Task to complete
Pictures appear among the records below and must be omitted. Repeat exactly the lines from the line with "96、OPTIONS /pages/1: 显示关于末端" to the line with "在首爾,民眾觀看有關朝鮮試射兩枚短程發射體的電視報道。網絡圖片", both included.

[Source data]
+++++

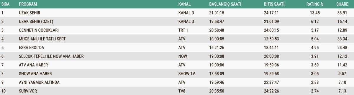 9 Şubat Pazartesi günü tüm kategorilerde birinci sırayı Uzak Şehir kaptı. Aynı Yağmur Altında dizisi ise 10. sıraya yerleşti.
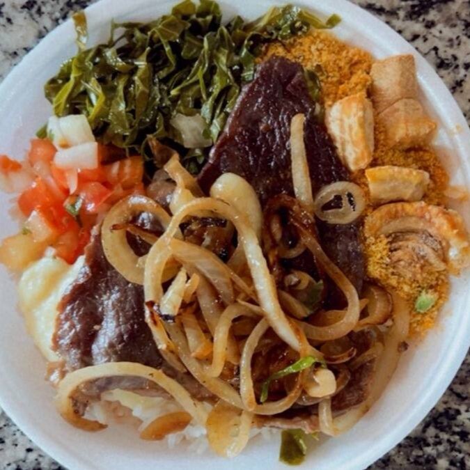 Arroz, Feijão,Couve ,Torresmo Vinagrete, Farofa e salada
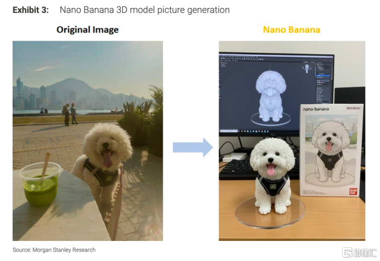 Nano Banana和美图产品的“AI手办”效果对比。来源:摩根士丹利研报
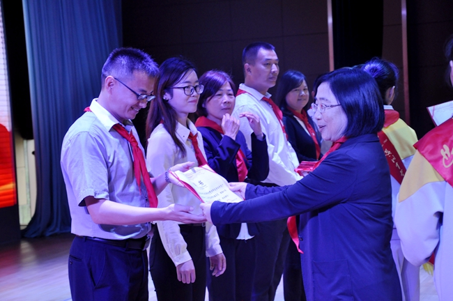 范小星校长、杨文化副校长则为初一年级各中队辅导员颁发聘任证书,并逐一向所有中队辅导员给予鼓励、表示支持。
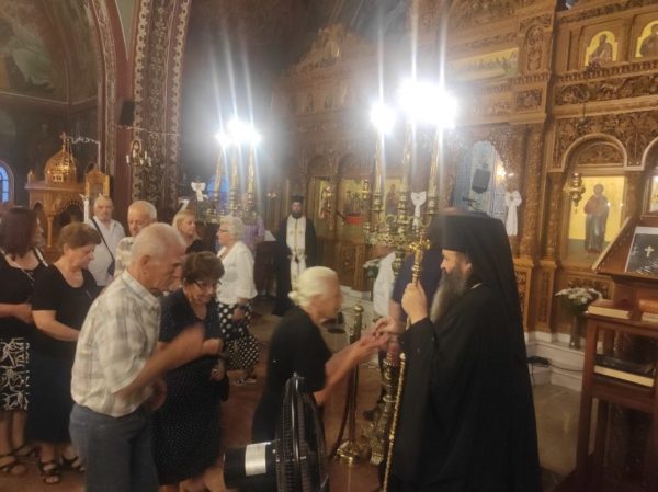 Ο Θεοφιλέστατος Επίσκοπος Κεγχρεών κ. Αγάπιος συνοδευόμενος από τον Διάκονο π. Χρήστο Χίλια παρέστη στον Εσπερινό και εν συνεχεία στην Ιερά Παράκληση στον Ενοριακό Ιερό Ναό Κοιμήσεως Θεοτόκου Ξυλοκερίζης, που ετέλεσε ο εκεί Εφημέριος π. Ιωάννης Ρούκης, την Τετάρτη 9 Αυγούστου 2023.
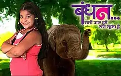 Bandhan – Saari Umar Humein Sang Rehna Hai (also known as Bandhan - Ali Malli Mamai in Sri Lanka)[1] was an Indian television drama show, which premiered on 16 September 2014 and aired on Zee TV until 17 April 2015.[2] Bandhan is the story of a little girl, Darpan, and her adopted brother, Ganesh the elephant. The show took a 10 year leap in the episode of 27 January 2015. Darpan marries a misguided man, Raghav, and must defeat the person who destroyed her family, Vishwasrao Patil. Can she do this? Bandhan tells the story of a bond between human and animal.
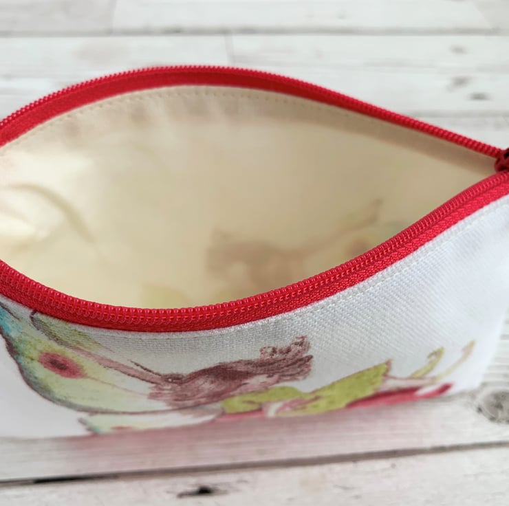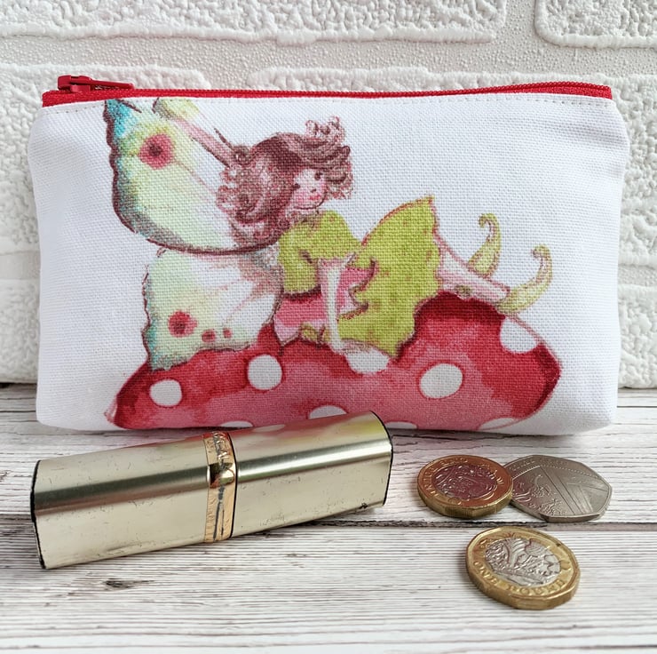 A large purse in print fabric with a pattern depicting a fairy sitting on a toadstool. The pattern, on a white background, features a fairy in a lime green dress with a pink sash. She has brown hair and wings of white, yellow and blue with pink spots. She is sitting on a Fly Agaric mushroom in red and pink with white spots. The coin purse has a fuschia pink zip and is lined with cream fabric. The base of the purse is boxed to give extra space inside.
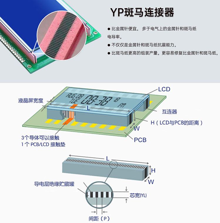 游戲機(jī)、電話、電子手表、計(jì)算器、儀器儀表等產(chǎn)品的液晶顯示器與線路板的連接。
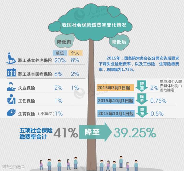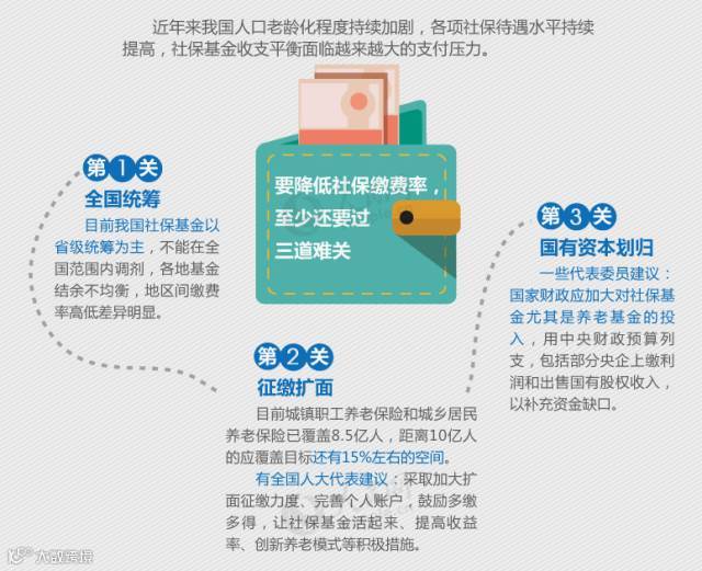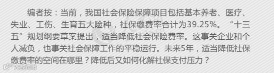 当前,我国社保包括基本养老、医疗、失业、工伤、生育五大险种,缴费率合计为39.25%。适当降低社保缴费率的空间在哪里?降低后如何化解社保支付压力?戳图了解——
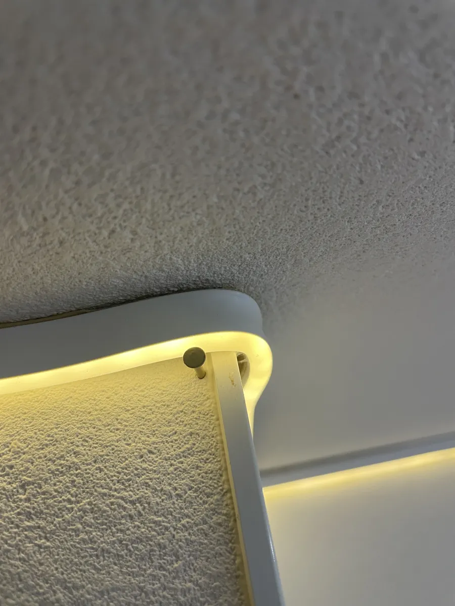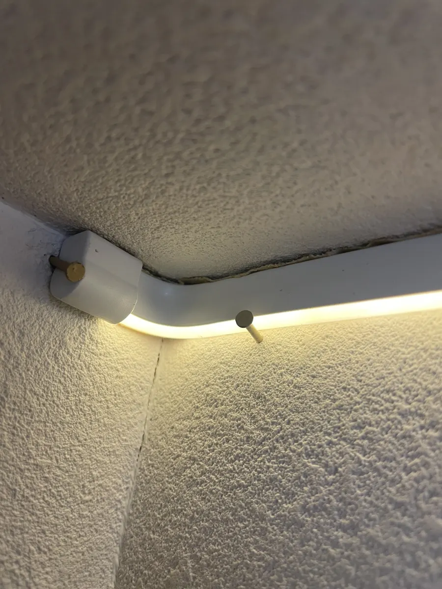 剥がれ落ちそうな所にだけ落下防止のサポートとして小さな釘を何箇所か打ちました。この写真をよく見るとLEDテープの上面に両面テープが見えますね。勿論背面にもテープで貼り付けしてます。
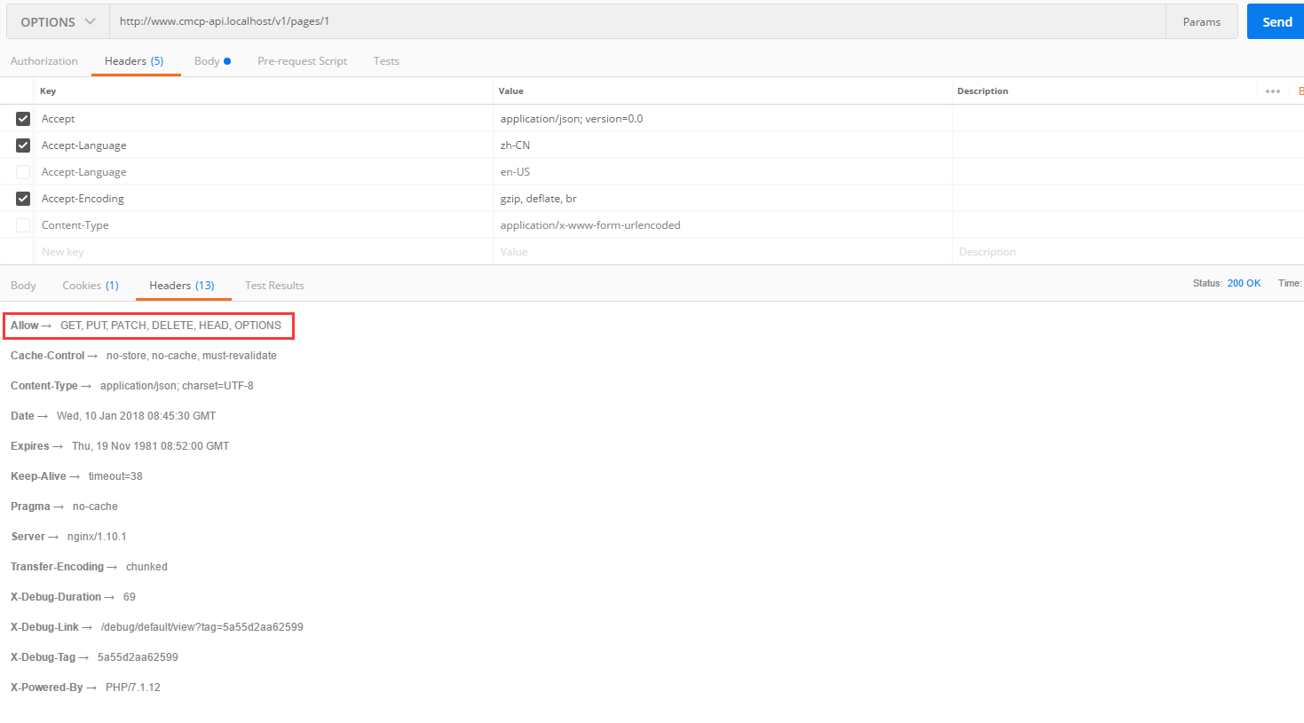 96、OPTIONS /pages/1: 显示关于末端 /pages/1 支持的动词,在 Postman 中,OPTIONS http://www.cmcp-api.localhost/v1/pages/1 ,200响应,如图96
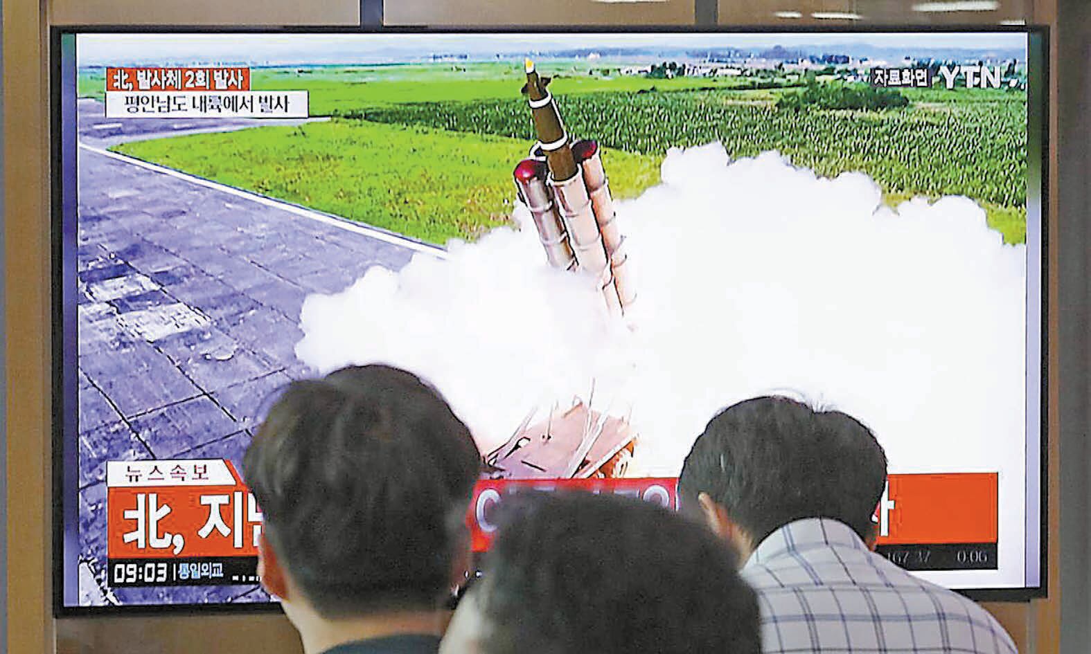 在首爾,民眾觀看有關朝鮮試射兩枚短程發射體的電視報道。網絡圖片
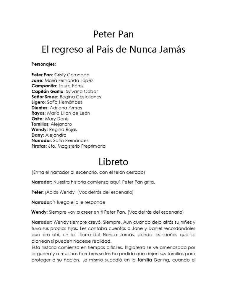 padre de Jane le pidi que cuidara a su mam y a su hermano Daniel antes de partir a la guerra, la cual dur ms de lo que se haba esperado hasta destrozar el corazn mismo de Londres. Para proteger a los nios, el gobierno decret que deban irse al campo para mantenerlos a salvo. En momentos como este es normal que se olviden algunas cosas de nios como Peter Pan y el Pas del Nunca Jams. (Se escuchan algunas sirenas y bombas) Wendy: Corre Daniel! (Lo carga) Dany: Dnde est Jane? Wendy: Tranquilo, ya vendr. (Entran al escenario). Dany: Tengo miedo no me gustan las bombas ni los aviones. Wendy: Aviones? Por un momento cre que eran caones de un barco pirata. Dany: El capitn Garfio! Lo escuch ya viene. (Entra Jane al escenario) Wendy y Dany: Jane! (Wendy abraza a Jane) Wendy: Dnde estabas? Jane: Le traje un regalo a Daniel. Dany: (Emocionado) Qu es, qu es? Ah, son calcetines, y son dos. Jane: Los compr talla grande para que le duren. Wendy: (Toma los calcetines) Mira Daniel es Peter Pan y Capitn Garfio. (Juega como si fueran tteres y le cuenta un cuento) Jane: Hay madre! (Escucha radio con audfonos) (Daniel se queda dormido mientras regresan a casa) Jane: Por qu le llenas la cabeza con esos cuentos? Wendy: (Preocupada) Jane, promteme algo.
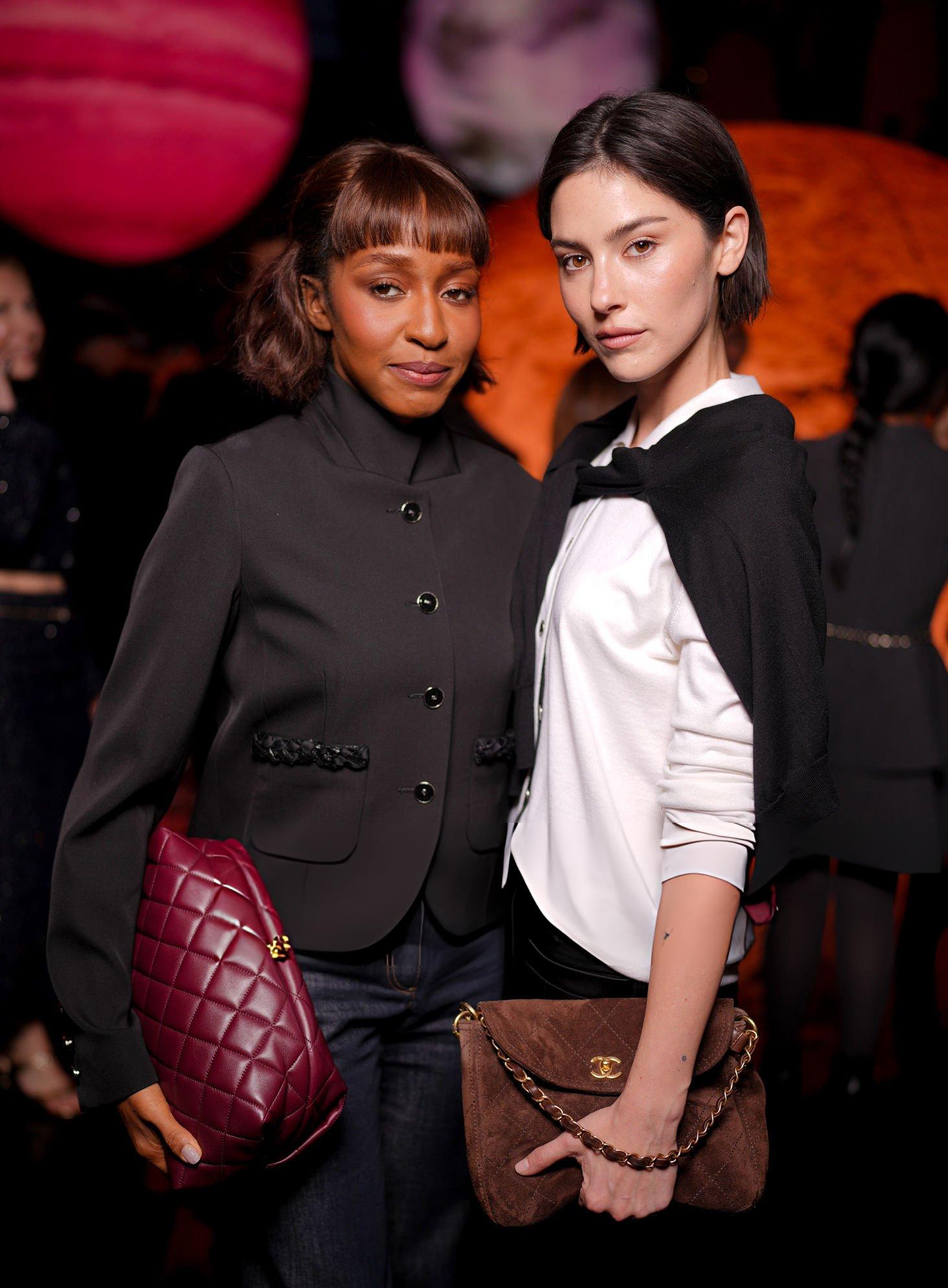 Gracie Abrams photos and images taken at Chanel: Front Row during Paris Fashion Week. Gracie wears a white top with a pair of black satin trousers. She appears in satin on the 6th October 2025.

+++++

The answer
 96、OPTIONS /pages/1: 显示关于末端 /pages/1 支持的动词,在 Postman 中,OPTIONS http://www.cmcp-api.localhost/v1/pages/1 ,200响应,如图96
 在首爾,民眾觀看有關朝鮮試射兩枚短程發射體的電視報道。網絡圖片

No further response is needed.